Task item
Go to the line below that has "Minicik gülen yüzü", print it and each line after it exactly, and stop after the line that has "Lifestyle Aid is"; leave out pictures.

Records for this exercise
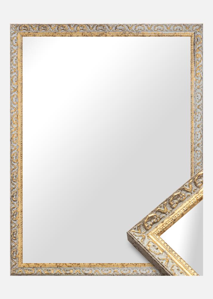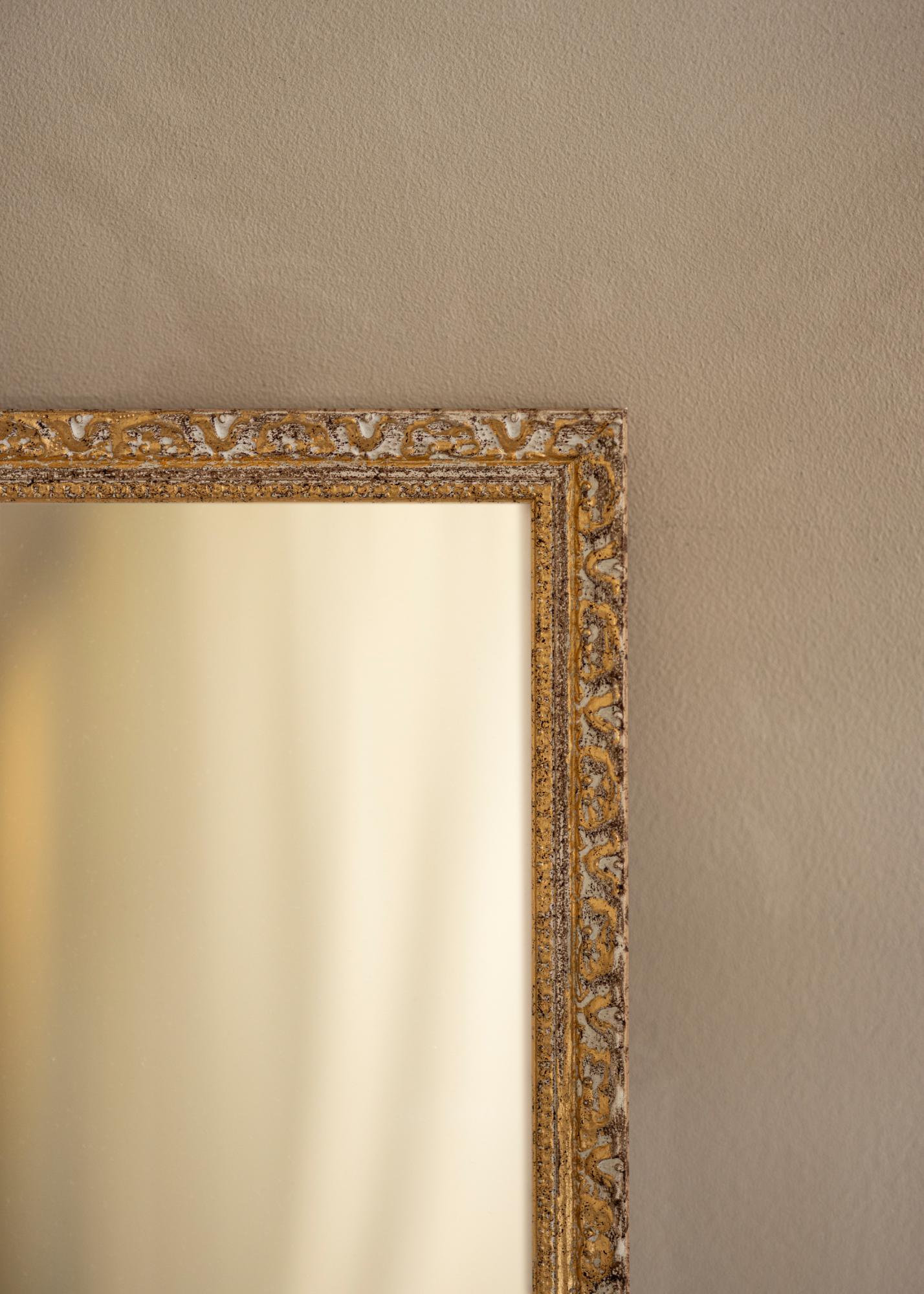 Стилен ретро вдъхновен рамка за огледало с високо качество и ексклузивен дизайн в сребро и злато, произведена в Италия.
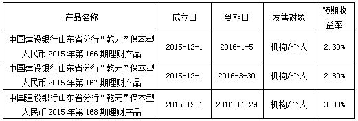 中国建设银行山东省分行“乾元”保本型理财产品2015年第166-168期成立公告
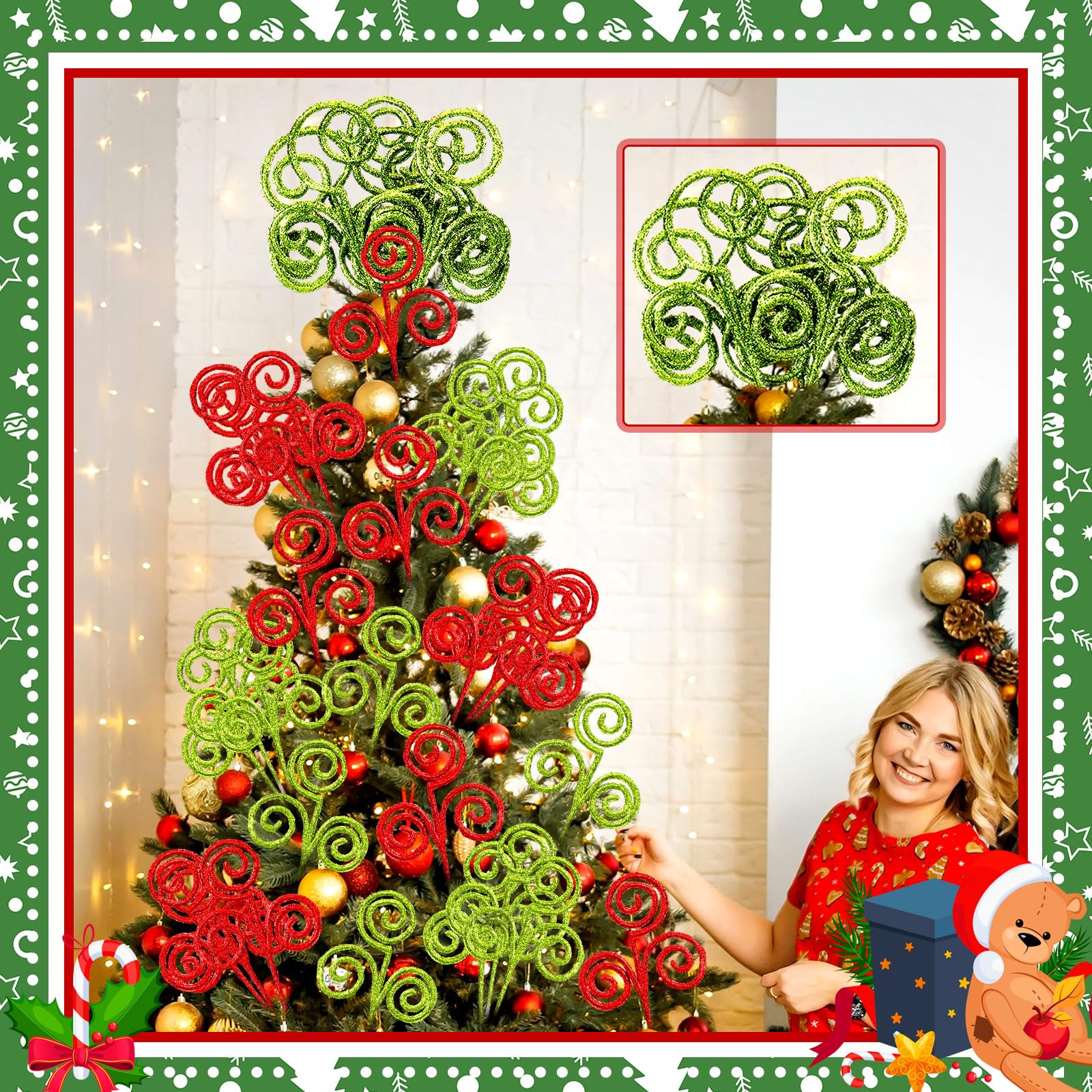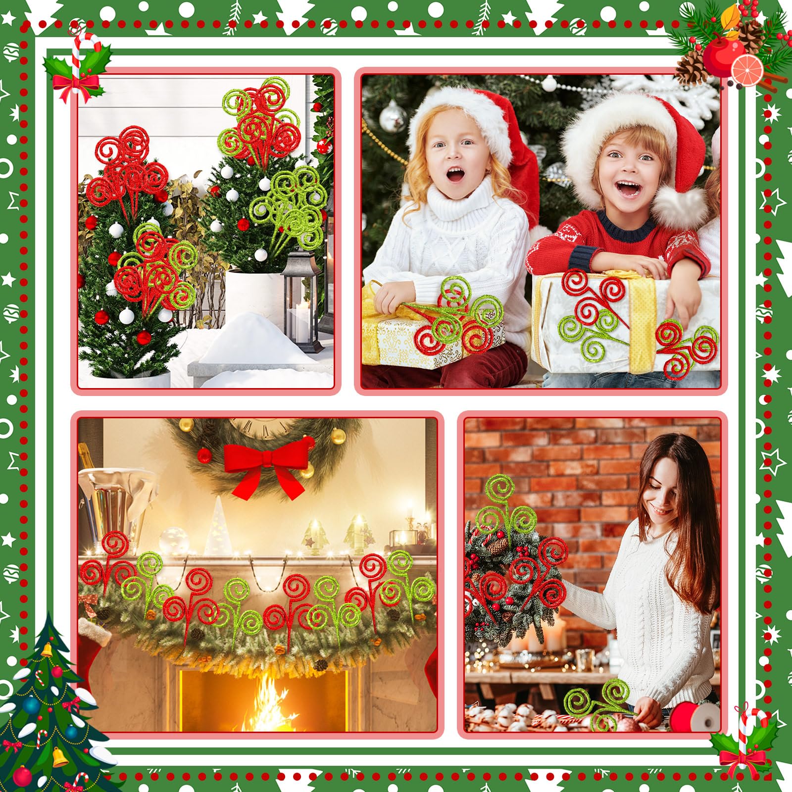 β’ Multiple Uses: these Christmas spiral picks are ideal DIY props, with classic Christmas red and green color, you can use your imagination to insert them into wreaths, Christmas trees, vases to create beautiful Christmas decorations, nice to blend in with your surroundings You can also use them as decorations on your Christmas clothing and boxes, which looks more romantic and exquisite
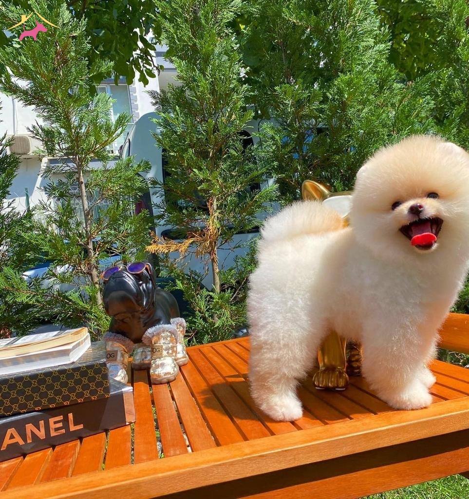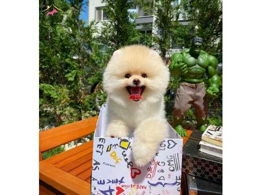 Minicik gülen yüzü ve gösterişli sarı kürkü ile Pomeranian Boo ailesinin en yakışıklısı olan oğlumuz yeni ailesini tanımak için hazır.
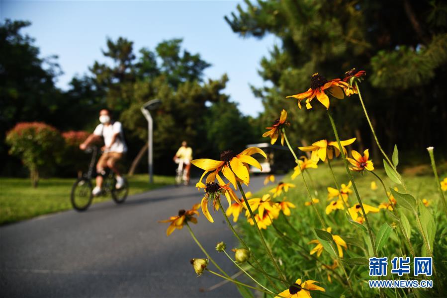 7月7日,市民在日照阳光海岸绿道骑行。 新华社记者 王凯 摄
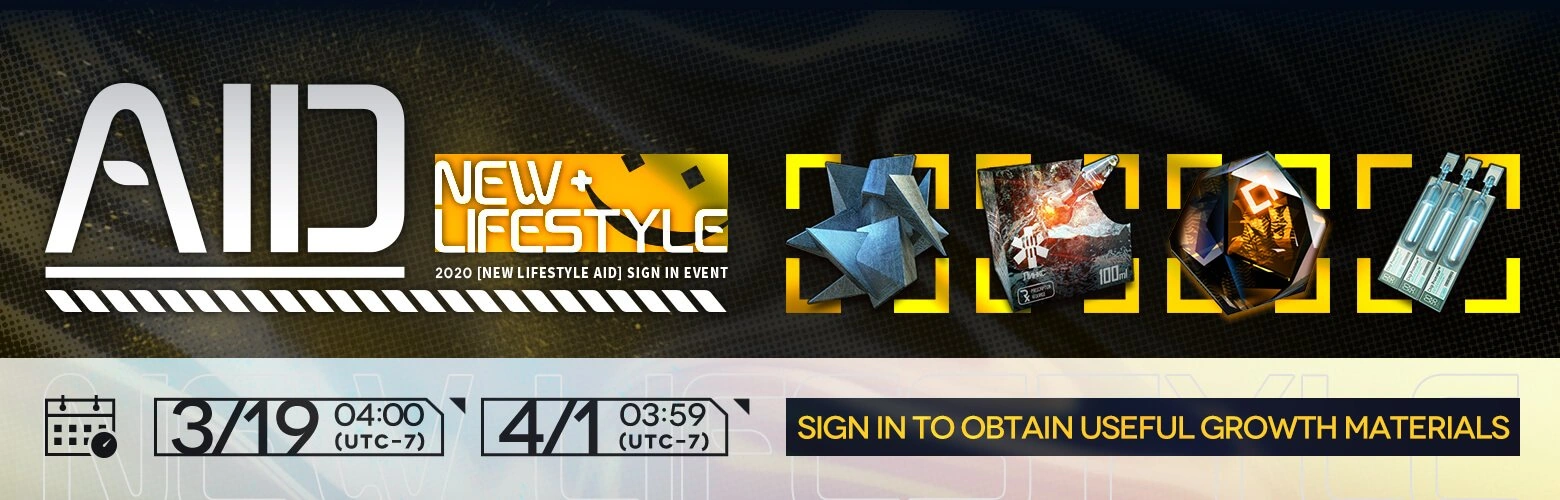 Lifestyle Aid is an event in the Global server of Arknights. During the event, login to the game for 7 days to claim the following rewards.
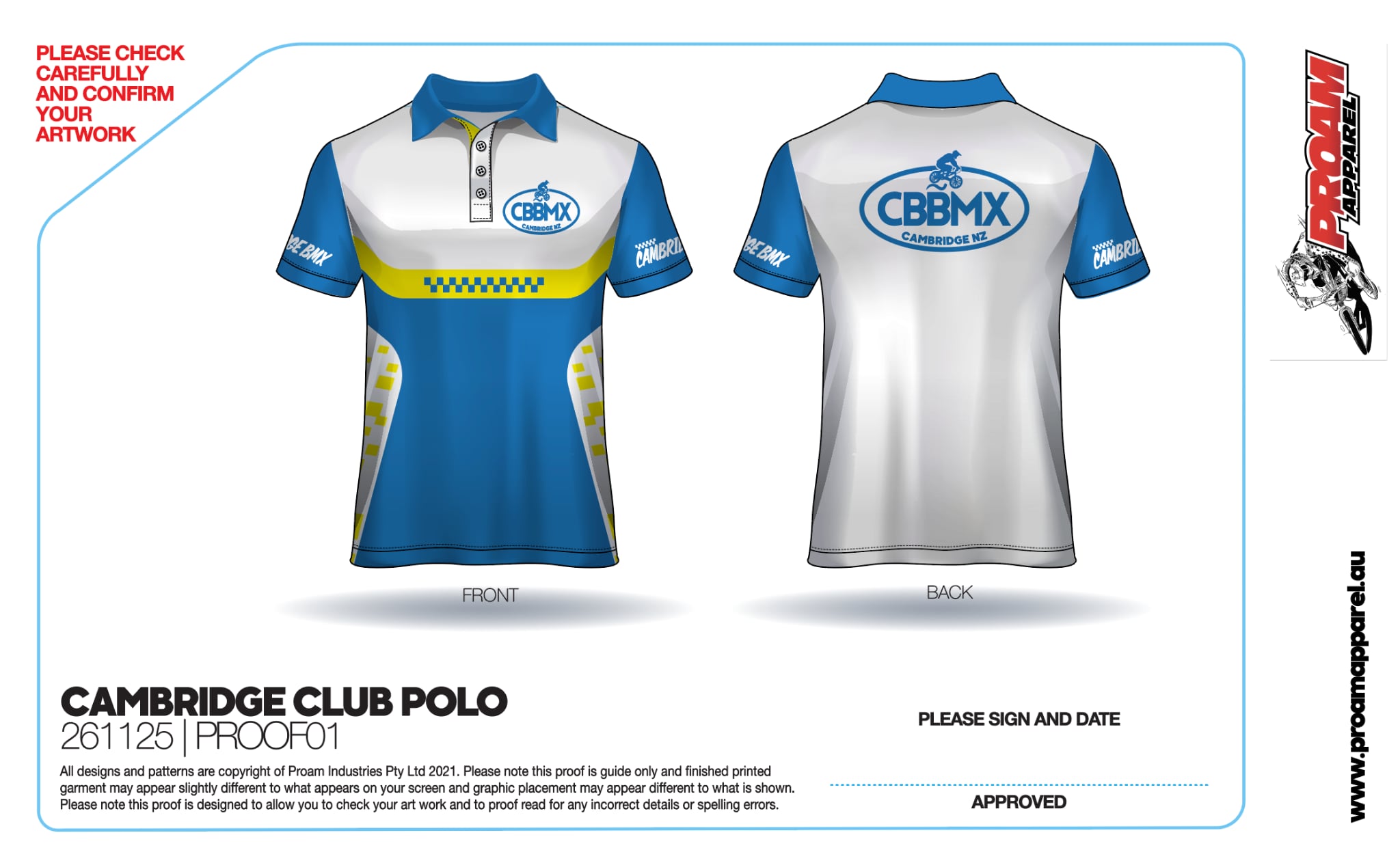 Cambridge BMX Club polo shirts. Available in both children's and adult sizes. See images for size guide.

Response for this exercise
 Minicik gülen yüzü ve gösterişli sarı kürkü ile Pomeranian Boo ailesinin en yakışıklısı olan oğlumuz yeni ailesini tanımak için hazır.
 7月7日,市民在日照阳光海岸绿道骑行。 新华社记者 王凯 摄
 Lifestyle Aid is an event in the Global server of Arknights. During the event, login to the game for 7 days to claim the following rewards.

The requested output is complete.